In women with PCOS, “reduction of hyperinsulinemia with metformin and diet is associated not only with improvement of the biochemical endocrinopathy, but, commonly, with restoration of menstrual cycles and fertility (Goldenberg, et al, Minerva Ginecol. 2008;60:63-75).” When used in infertile women with PCOS in combination with clomiphene citrate, an ovulation-inducing drug, metformin was shown to improve improve conception rates and, perhaps, live-birth rates compared to either drug alone (Legro, et al., N Engl J Med. 2007;356:551-66). In a recent small study of 66 women with PCOS who were clomiphene resistant and underwent in vitro fertilization, those who “received metformin (until conception) showed a significantly higher number of good quality embryos and implantation rate when compared with the placebo controls (Qublan, et al., J Obstet Gynaecol. 2009;29:651-5).” They were also found to undergo fewer spontaneous abortions in early pregnancy.
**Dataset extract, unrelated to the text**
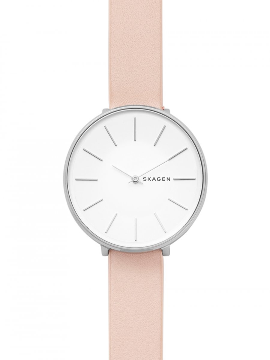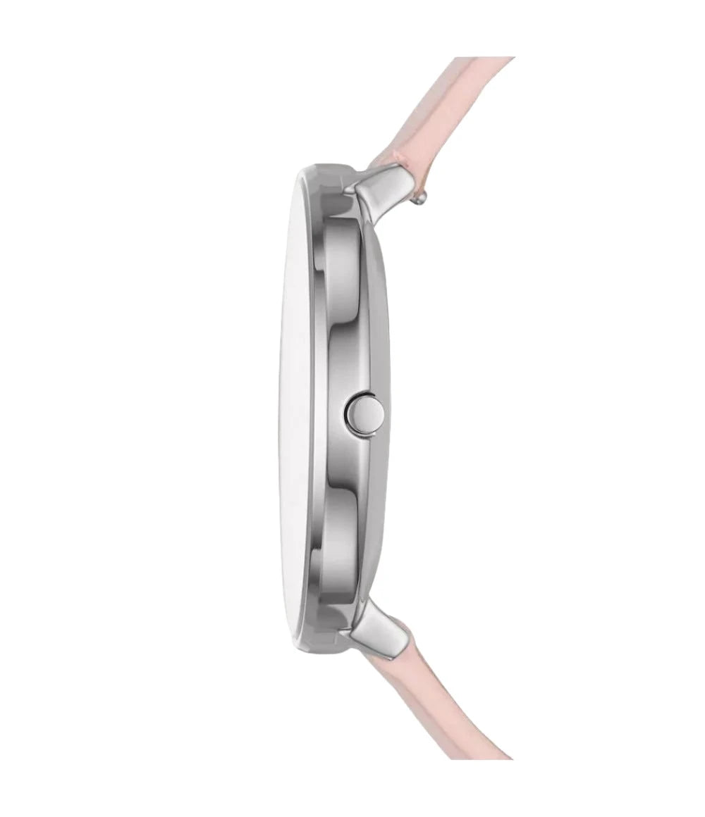 Skagen Karolina Ladies White Dial Silver Case Pink Leather Strap Watch

Very few studies have been done in which metformin therapy has been continued throughout the pregnancy, but in those that have, the results have been encouraging. Khattab and colleagues (Gynecol Endocrinol. 2006;22:680-4) studied 200 nondiabetic women who took metformin while undergoing assisted reproduction, of which 80 stopped the drug once they conceived and 120 continued it throughout pregnancy. Demographically, both groups were similar. Miscarriage rates “in the metformin group were 11.6% compared with 36.3% in the control group (p < 0.0001; odds ratio = 0.23, 95% confidence interval 0.11-0.42).” Similarly, Nawaz and colleagues (J Obstet Gynaecol Res. 2008;34:832-7), found that “In women with PCOS, continuous use of metformin during pregnancy significantly reduced the rate of miscarriage, gestational diabetes requiring insulin treatment and fetal growth restriction.” Furthermore, no significant congenital anomaly, intrauterine death or stillbirth in any of the woman who took metformin during in this study.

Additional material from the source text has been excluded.